Of course, I said, in the full knowledge that the leftists, vegetarians, Bernie Sanders supporters, social housing advocates, bleeding hearts and moist social media coordinators who listen to CBC Radio would be waiting to pounce. After all, I’m a fossil, believing a house is not a right. Shelter, maybe. Granite & stainless? Not a chance. In fact far too many people in this country already own houses, with way too much of their net worth concentrated there. No diversification. No Plan B. A one-asset strategy which now chances ending in tears.

Of course, it’s an opinion few share, especially the celery-munchers who love public radio and think society should treat everyone with respect, with government financing. But the reality is, cheap money, too many hormones, financial illiteracy and a tulip-mania obsession with real estate is creating dramatic levels of risk and debt. When things start to wobble and fall, even the CBC’s hero — weed-spreading, tat-wearing, overspending, Vogue-posing T2 — won’t be able to put it together again. So, the kids should know. They could be pooched.

That brings us to the Kingdom of 416, where the local realtor-dieties have just delivered their monthly stats. The contrast with Delusia, the west-coast metropolis featured on this pathetic blog yesterday, is quite marked. For starters, listings in YVR have started to inch higher while overall sales take a battering. Meanwhile average and median prices have been bloating, even as the volume of deals thins. Not good. Especially when you look at trades of detached homes (declining fast) compared with condos and semis (robust). It tells you a simple story — experienced players are throttling back.
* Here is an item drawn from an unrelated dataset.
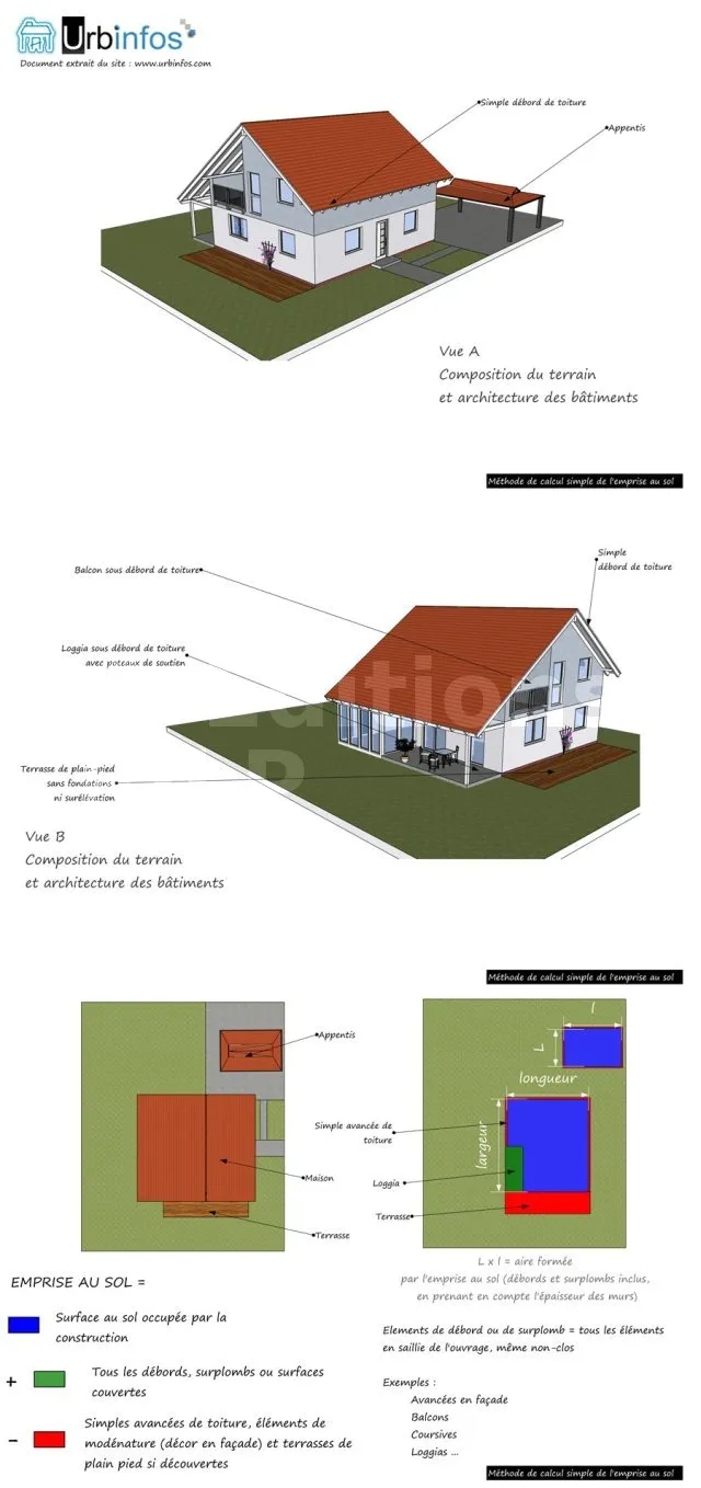 La circulaire du 3 février 2012 détaille la mise en œuvre de la surface de plancher et de l’emprise au sol : circulaire surface de plancher et emprise au sol.

As unaffordable as it’s becoming (RBC says over 70% of gross income is needed to carry a GTA house) the Toronto market is considerably more stable than that of the Lower Mainland. June sales were down marginally from the month before, but new listings fell 4% while total active listings have plunged from almost 18,000 a year ago to just over 12,000 now — a plop of more than 31%. That means if current sales levels hold, there’s but a 28-day supply of available properties.
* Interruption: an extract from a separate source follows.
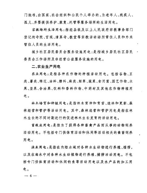 (二)农业生产用电价格,是指农业、林木培育和种植、畜牧业、渔业生产用电,农业灌溉用电,以及农业服务业中的农产品初加工用电的价格。其他农、林、牧、渔服务业用电和农副食品加工业用电等不执行农业生产用电价格。

This helps explain prices. The average selling mark for all homes increased year/year by just under 17% to $746,546. In the city itself (416) a detached house now averages $1.259 million, a number which is 19.6% higher than last June. But what’s interesting is how price creep is hitting the burbs. Year/year gains were 16% in Halton and Mississauga, 20% in York and Durham and even 19% in Orangeville where everyone drives a dually F150 and says ‘dang’ a lot.

So why have listings plunged? Mostly it’s about perception. While in YVR there’s a surreal aspect to real estate which is starting to repel buyers, in the GTA people are afraid to list because tight supplies and steady demand mean they’d have to join a bidding war. And who the hell wants that? After all, this is a region of six million people, with a relatively tiny number of properties on the market. Even the real estate cartel’s new boss admits buyers are facing headwinds and existing homeowners are scared witless at the thought of trying to find a replacement home.

And let’s not forget the media’s role. Below was the headline in theToronto Star Wednesday, clearly telegraphing that local real estate jumped in price last month by 16.8%. It didn’t. The real monthly increase was… hey, wait a minute… the benchmark price in June actually declined from May. By $5,362. And guess where it says that? (Nowhere.)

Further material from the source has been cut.